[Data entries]
###

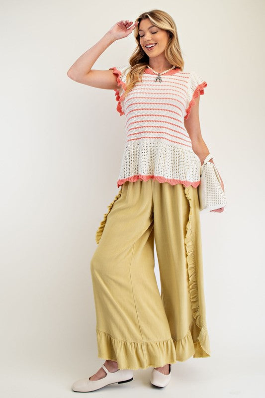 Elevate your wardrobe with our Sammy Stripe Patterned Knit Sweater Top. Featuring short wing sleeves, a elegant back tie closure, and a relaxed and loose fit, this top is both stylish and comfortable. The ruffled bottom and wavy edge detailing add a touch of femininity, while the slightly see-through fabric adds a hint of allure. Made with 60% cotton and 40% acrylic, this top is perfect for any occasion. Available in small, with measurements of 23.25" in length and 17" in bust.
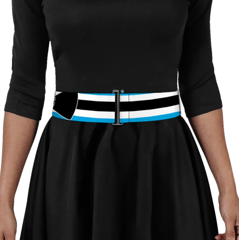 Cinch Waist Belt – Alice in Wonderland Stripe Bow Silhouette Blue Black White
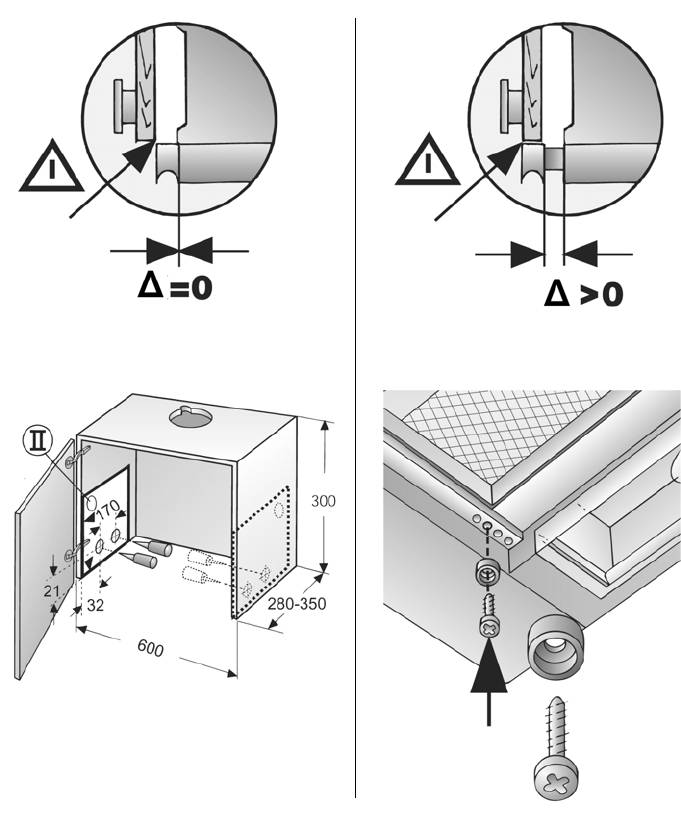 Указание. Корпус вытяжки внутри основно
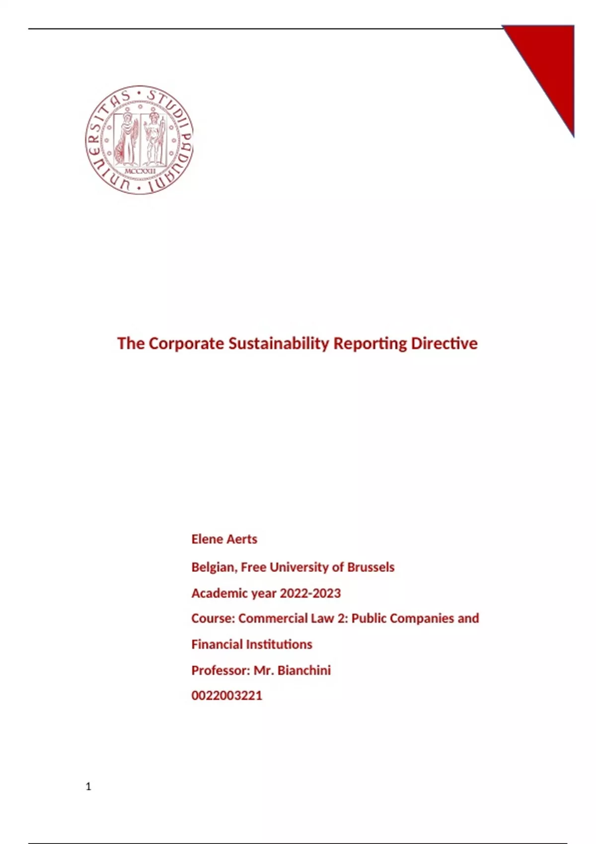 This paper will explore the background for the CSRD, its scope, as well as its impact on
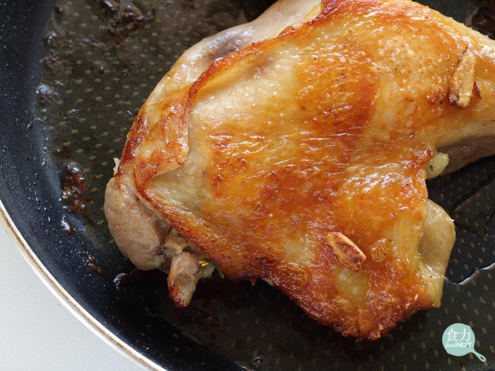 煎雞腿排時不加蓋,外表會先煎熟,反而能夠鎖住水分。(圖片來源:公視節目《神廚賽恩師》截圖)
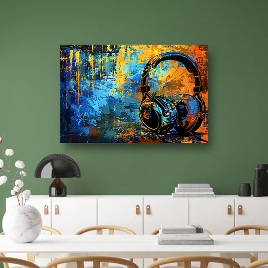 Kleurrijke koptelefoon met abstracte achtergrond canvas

###

**Task requirements**:
Each record has to be set down verbatim, and the pictures must not appear in the copy.

**Answer area**:
 Elevate your wardrobe with our Sammy Stripe Patterned Knit Sweater Top. Featuring short wing sleeves, a elegant back tie closure, and a relaxed and loose fit, this top is both stylish and comfortable. The ruffled bottom and wavy edge detailing add a touch of femininity, while the slightly see-through fabric adds a hint of allure. Made with 60% cotton and 40% acrylic, this top is perfect for any occasion. Available in small, with measurements of 23.25" in length and 17" in bust.
 Cinch Waist Belt – Alice in Wonderland Stripe Bow Silhouette Blue Black White
 Указание. Корпус вытяжки внутри основно
 This paper will explore the background for the CSRD, its scope, as well as its impact on
 煎雞腿排時不加蓋,外表會先煎熟,反而能夠鎖住水分。(圖片來源:公視節目《神廚賽恩師》截圖)
 Kleurrijke koptelefoon met abstracte achtergrond canvas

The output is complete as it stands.